EMFusion: Uncertainty-Aware Conditional Diffusion Model for Multivariate Narrow-band Exposure Forecasting

arXiv:2512.15067v4 Announce Type: replace-cross Abstract: The rapid growth in wireless infrastructure has increased the need to accurately estimate and forecast electromagnetic field (EMF) levels to ensure ongoing compliance, assess potential health impacts, and support efficient network planning. While existing studies rely on univariate forecasting of wideband aggregate EMF data, multivariate narrow-band EMF forecasting is needed to capture the inter-operator and inter-frequency variations essential for proactive network planning.
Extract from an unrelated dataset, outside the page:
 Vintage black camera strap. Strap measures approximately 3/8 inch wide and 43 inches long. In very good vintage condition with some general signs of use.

To this end, this paper introduces EMFusion, a conditional di
The proliferation of wireless infrastructure and 5G/6G deployments necessitates more granular and reliable EMF forecasting for regulatory compliance and health impact assessments.
Accurate, multivariate narrow-band EMF forecasting is critical for proactive network planning, ensuring compliance, and addressing public health concerns related to wireless technology expansion.
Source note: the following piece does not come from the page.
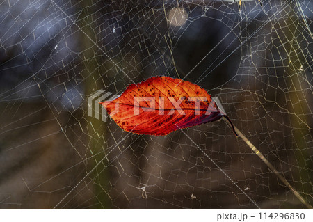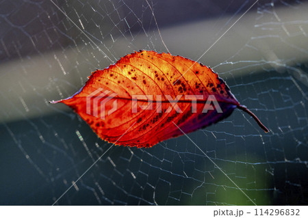 蜘蛛の巣に掴まった赤く紅葉した桜の葉

The ability to distinguish EMF variations by operator and frequency moves forecasting beyond aggregate data, enabling more targeted and efficient network management and policy-making.
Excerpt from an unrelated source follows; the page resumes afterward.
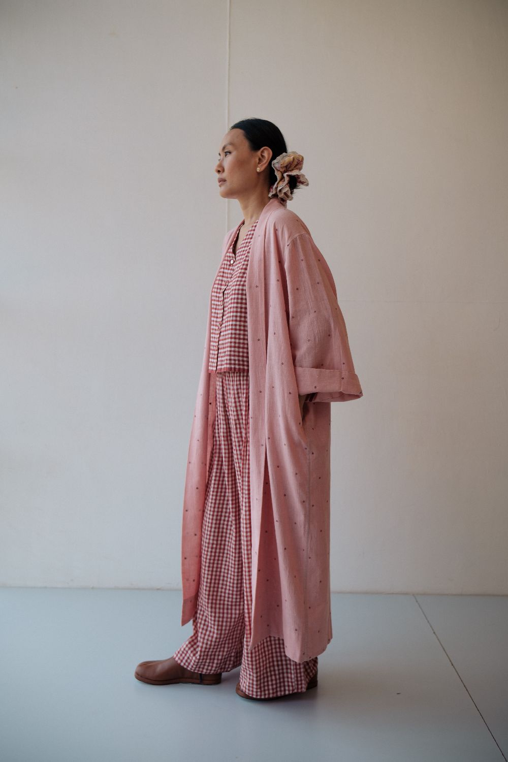 The silhouettes are simple but considered: relaxed cuts, thoughtful details, and fabrics that breathe — from handwoven cottons to delicately finished textiles rooted in Rajasthan’s craft culture. Colours stay close to the earth: muted florals, soft neutrals, and tones that age gracefully rather than fall out of season.
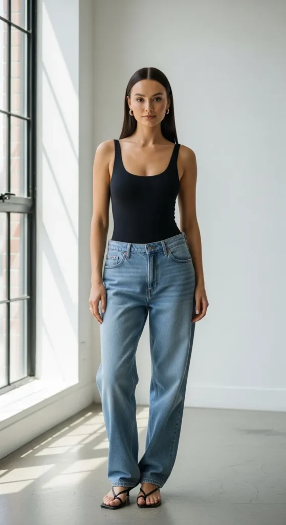 A fitted bodysuit paired with loose baggy jeans creates a flattering contrast that feels modern and clean. It hugs your shape while the jeans keep everything relaxed and breathable.

- · Telecommunication operators
- · Smart city developers
- · RF engineering firms
- · Regulatory bodies
- · Developers of legacy univariate EMF forecasting models
- · Companies relying on broad, less precise EMF data
Improved network planning and resource allocation for wireless infrastructure.
Potential for dynamic EMF regulation and reduced public health concerns through precision monitoring.
Enhanced competition among wireless providers based on transparent and optimized spectrum utilization and exposure management.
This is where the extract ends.